The new Karnataka Private Conservancy Rules wants to give private persons permission to create private forests.

Will the Karnataka govts idea to have private forest land threaten wildlife Representational image of Nagarhole National Park| Pvp4789, via Wikimedia Commons
news Enviornment Saturday, June 23, 2018 - 15:28

The Karnataka government is toying the idea of having private wildlife reserves alongside existing reserved areas or national parks. And this has left many environmental activists in the state worried.

On the face of it, the new Karnataka Private Conservancy Rules wants to give private persons, (only those owning at least 100 acres of land adjoining to notified forests) permission to create private forests. The purpose of this, the government says, is to establish a safe corridor for wild animals between two forest areas.

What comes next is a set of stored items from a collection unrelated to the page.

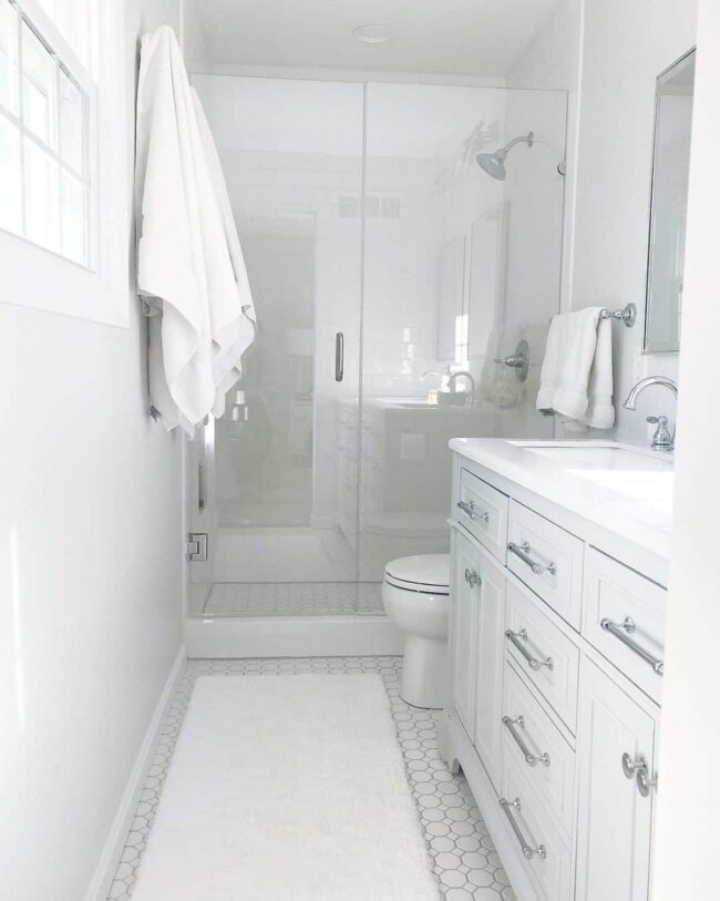 White bathrooms radiate calm sophistication with their clean aesthetic and pure energy.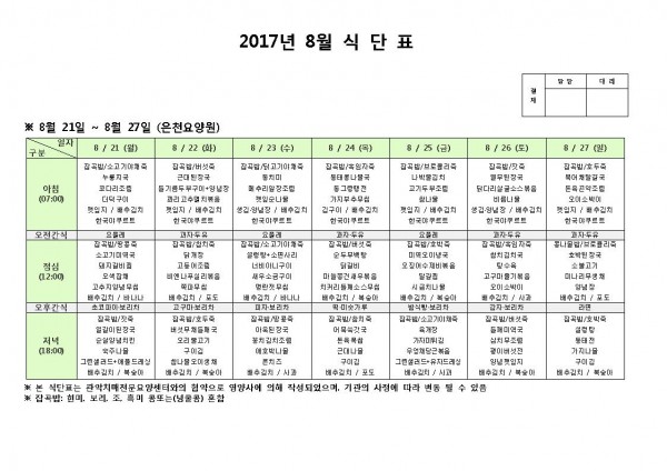 8월 넷째주 식단표 페이지 정보 작성자 은천노인복지회 작성일17-08-21 10:51 조회182,416회 댓글0건 관련링크 이전글 다음글 목록 답변 본문 8월 넷째주 식단표 이전글 다음글 목록 답변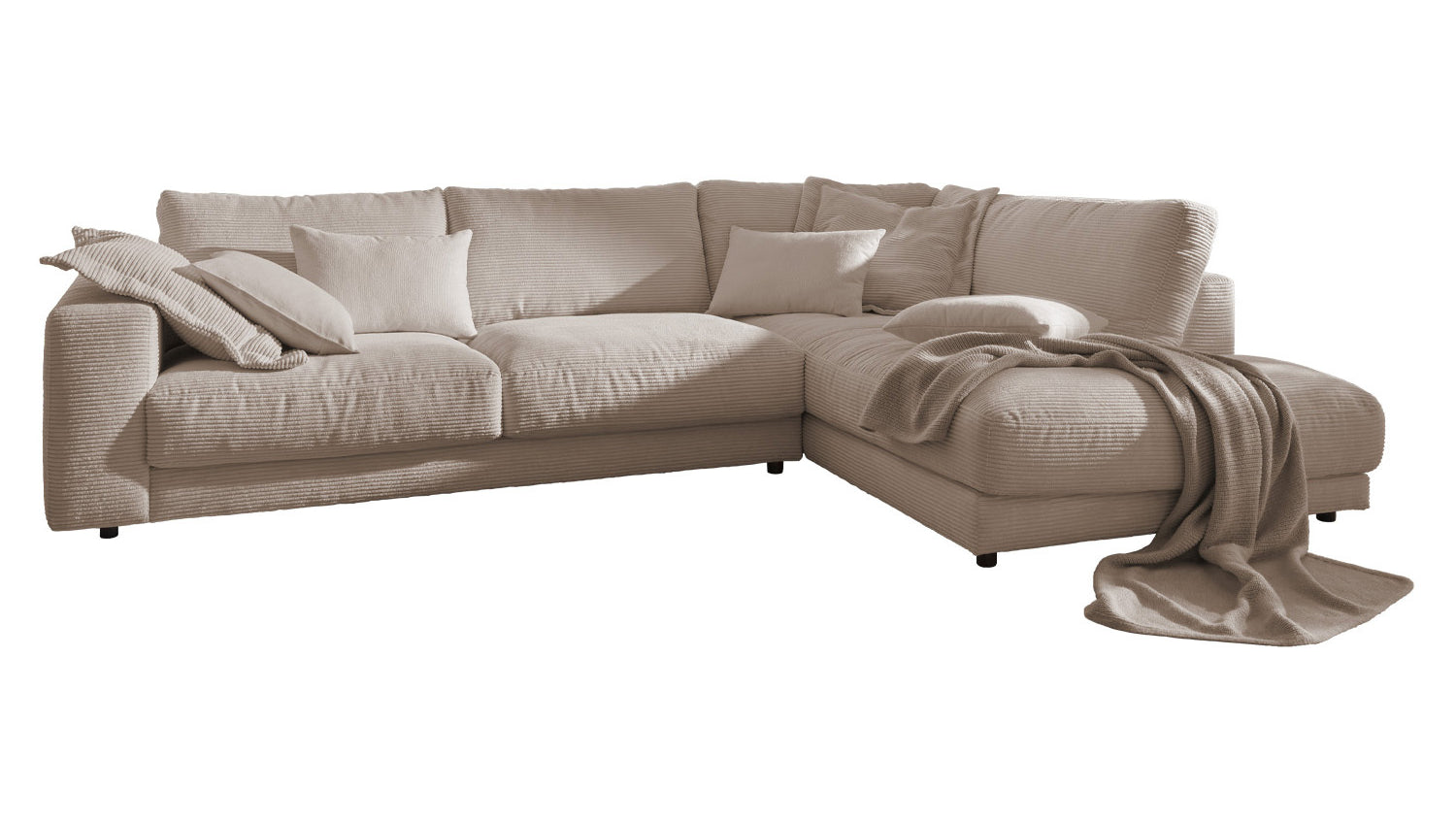 Das KAWOLA Ecksofa MADELINE besticht durch seinen hervorragenden Sitzkomfort, der durch die äußerst legere Polsterung zustande kommt und zum Verweilen und Entspannen einlädt. Die Polsterung passt sich der Körperform an; Sitzabdrücke sowie Wellenbildung der Bezüge sind warentypisch. Der Sitz besteht aus einer Unterfederung mit dauerelastischen Stahl-Wellenfedern und einer oberseitigen Abdeckung sowie losen Sitzkissen aus PUR-Schaum. Sitz und Rücken sind abgedeckt mit einem Inlett, welches befüllt ist mit hochwertigen Füllstoffen, die eine Beimischung von Federn enthalten. Der Bezug aus trendigem Cord-Stoff verleiht dem Big Sofa eine zeitlose Eleganz. Wenn Sie Ihrem Wohnzimmer einen außergewöhnlichen Anstrich verleihen wollen, ist das Sofa MADELINE definitiv das Richtige für Sie!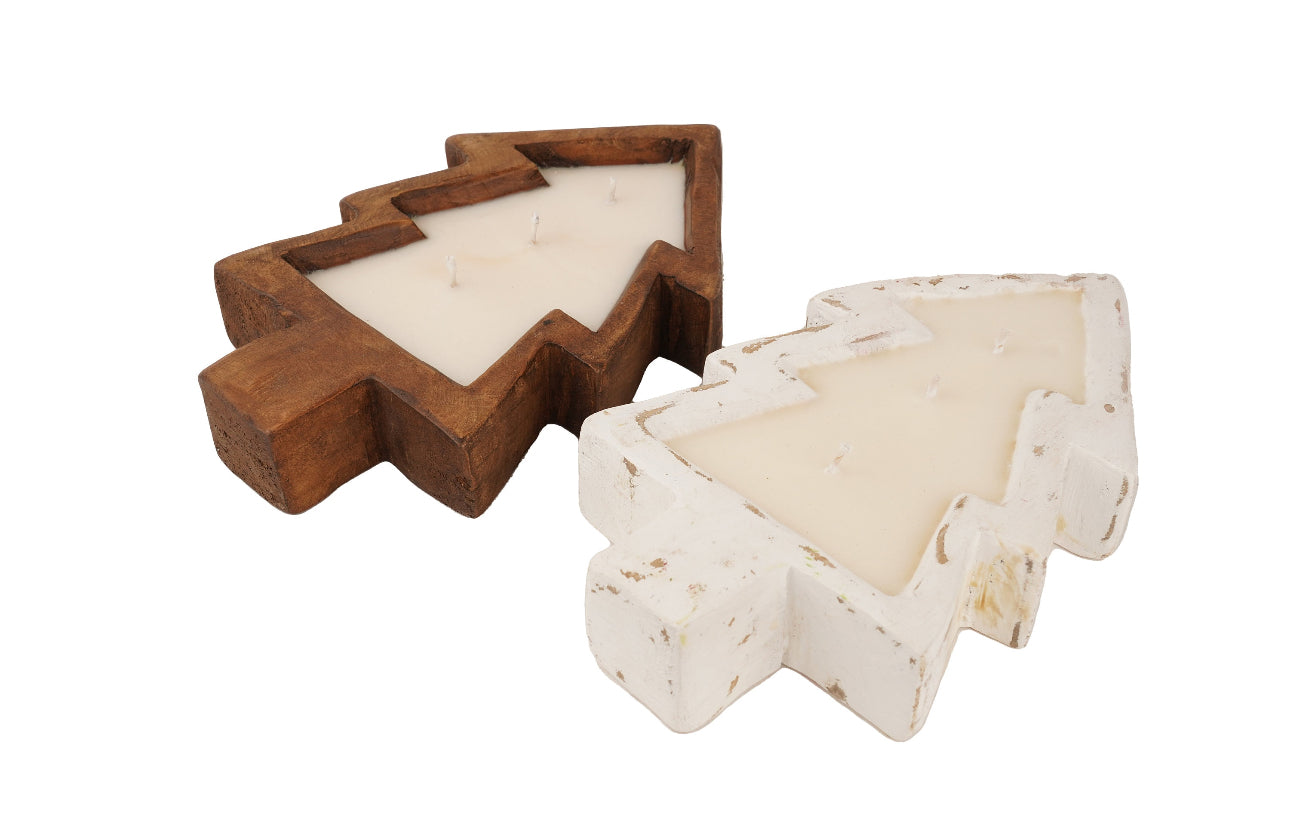 This is the perfect candle for the holiday season! Tree shaped thick carved Spanish oak wood dough bowl vessel candle with 3 all cotton natural wicks and 15+ oz. of our soy blend wax. A Limited holiday edition.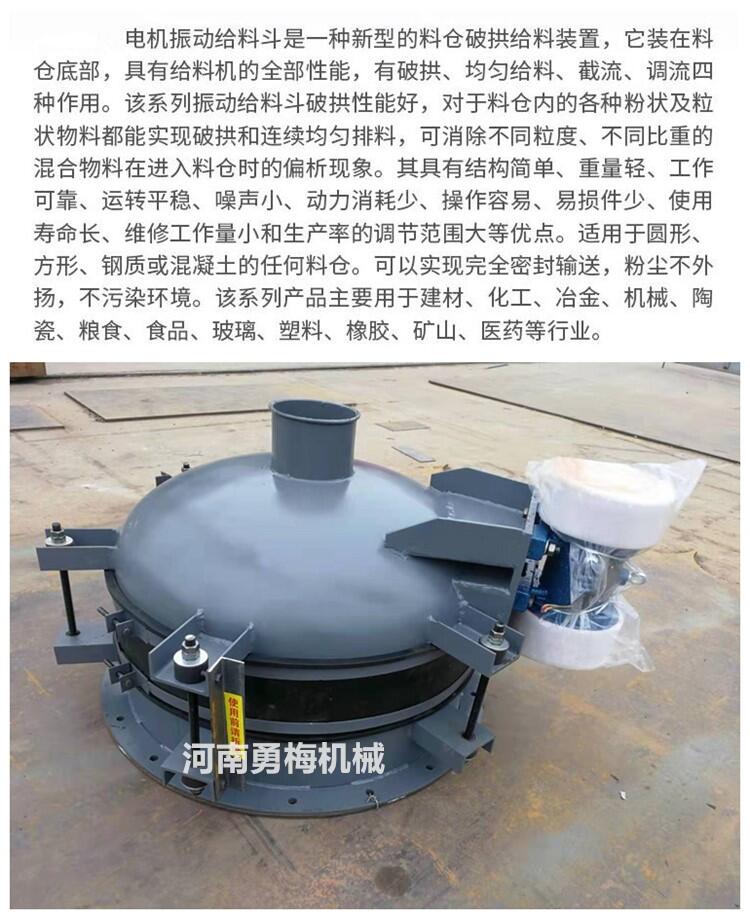 河南勇梅机械活化料斗 储料罐配套活化器可消除不同粒度和比例的混合物的偏析。活化料斗一台或两台振动电机安装在活化料斗侧面,振动给料斗是一种新型的料仓破拱给料装置,它装在料仓底部,用作破拱和均匀给料。振动给料斗破拱性能好,对于料仓内的各种粉状及粒状物料都能实现破拱和连续均匀排料,可消除不同粒度、不同比重的混合物料在进入料仓时的偏析现象。
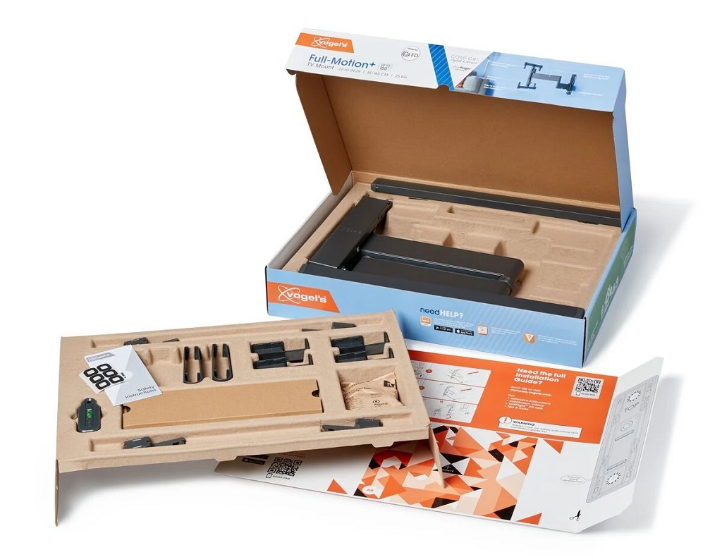 Δεν χρειάζεται να είστε επαγγελματίας για να εγκαταστήσετε το επιτοίχιο στήριγμα τηλεόρασης COMFORT Full-Motion+. Περιλαμβάνονται ένα πρότυπο διάτρησης, βίδες, βύσματα Fischer® DuoPower, δεματικά καλωδίων και ένα αλφάδι. Η πρώτη τρύπα διάτρησης είναι εύκολο να σηματοδοτηθεί χρησιμοποιώντας τη δωρεάν εφαρμογή DrillRight™ AR App.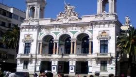 لواجهة المبنى منارتان كبيرتان يتوسطهما تمثال ضخم يمثل إلهة “الفن” تحمل بيدها قيثارة، وعلى جانبيها تمثالان أخران تمنحان واجهة المبنى عمقا فنيا وجماليا ساحرا.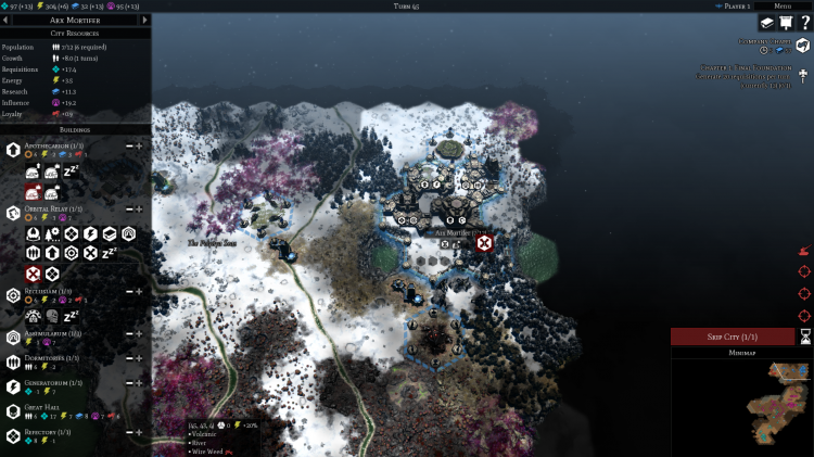 Combat. “In the grim darkness of the future there is only war,” after all, and this game is premised on the idea that people played Civilization VI for the combat. Everything is geared to it and tuned around it; you’re moving your little men around the map to engage in slow, only slightly animated, usually 3-4 turn long firefights with the enemy factions. Emphasis on “slow” -- on default game speeds, most units take 4-6 turns to come out, and unlike in the Civilization games there isn’t some production rubric that lets you speed things up; it’s just a set, specific turn limit. There doesn’t appear to be any way to buy completion; you just need to let the timer run its course.

According to The New Indian Express, the draft of The Karnataka Private Conservancy Rules, 2018 states that only 5% of the land can be used for building hotels or resorts, the rest of the area has to be kept for the flora and fauna. At the moment, the draft rules are not public, raising further suspicion on minds of wildlife enthusiasts.

Under existing rules, only farming and horticultural activities are allowed within 10 kilometre surrounding forest land.

The draft rules propose all existing forest, wildlife, and environmental laws will apply except for permitting tourist activity. The draft rules also suggest that in case of untoward incidents, no compensation will be given by the government and the resort owner will be held responsible.

Private forest areas are common in South Africa and Zimbabwe but many wildlife enthusiasts in Karnataka are of the opinion that these are not feasible under local conditions where there is rampant encroachment and irregularities. Even notified forest lands have not been spared.

They fear this would eventually lead to further encroachment of protected forest areas and also potentially increase chances of man-animal conflicts.

Not only activists, even some senior state forest department officials are firmly opposed to the move stating that this will only benefit the rich and the powerful while small-scale farmers won’t be benefited.

A senior officer from the department told TNM that prima facie the draft rules seem to be a way to circumvent existing rules and Supreme Court orders on conserving eco-sensitive zones.

“At the most, we can experiment and join some corridors like between Brahmagiri and Nagarhole where there is an estate. Maybe, that will perhaps be of use and enable free movement of animals. But then if this is done all around, then rich people can buy 200 acres of land, and plant some trees and ask permission to build resorts. This is not advisable at all. This seems like a circumvention of rules. We cannot make this as a policy,” the senior officer said.

“Some politicians or their benamis own large parcels of lands adjoining protected areas, once owned by small farmers. But after these areas were notified as eco sensitive zones, they are not able to use these lands commercially. This new law is to legalise the existing regulations on land usage adjoining protected areas by the people in power,” an ecologist who has knowledge of the draft ruled told TNM on conditions of anonymity.

“Suppose a big resort is set up over five acres, and a lot of people come there, what will be the effect on wildlife? How safe is it to hold the private sector responsible for elephant corridors or places where there are recurrent man-animal conflicts?” the person added.

Moreover, many feel infrastructural work in these eco-sensitive zones will inadvertently disturb existing wildlife.

According to sources, the idea was first proposed in 2016, and there were inter-departmental discussions.

“Last year the proposal came up within the department, and then it went to Law and Parliamentary Affairs department. Once it came back, many of us said that there is a need for open discussions on this as things were done in an opaque manner,” the forest officer added.

The officer added that to implement the rules, which are full of loopholes, will be difficult given that existing government managed forest cover in the state is shrinking year after year.

 Another eco-conservationist volunteer termed this as a “matter of shame”.

“They are inviting builders, resort owners, coffee sellers to own private forests because some minister has his land around the forest. The new draft has to come to public domain before it is notified. This is a scary scenario where the resort owner is made responsible for the safety of wildlife.”

However, another IFS officer of Deputy Conservator of Forest rank, said that regardless of the loopholes in the existing draft, it needs to be explored stating it is “much more practical”.

“We know what is happening in Bannerghatta, mining is happening right in the forest area. So these rules will try to achieve some sort of middle ground where we do not allow it to go fully commercial and at the same time ownership of the land remains with the owner but the forests are saved,” the officer said,

 A workshop will be held on Monday (June 25) where forest officials, resort owners, former forest conservators and volunteers will deliberate on the rules. To prevent further progress, in this case, activists have appealed to CM HD Kumaraswamy.

“We will have to consider the opinion of the experts, wildlife enthusiasts, and all those who are attending the workshop and a decision will be taken based on the talks. The majority opinion will be communicated to the government,” Sridhar Punnati, Principal Chief Conservator of Forests (Wildlife) told TNM.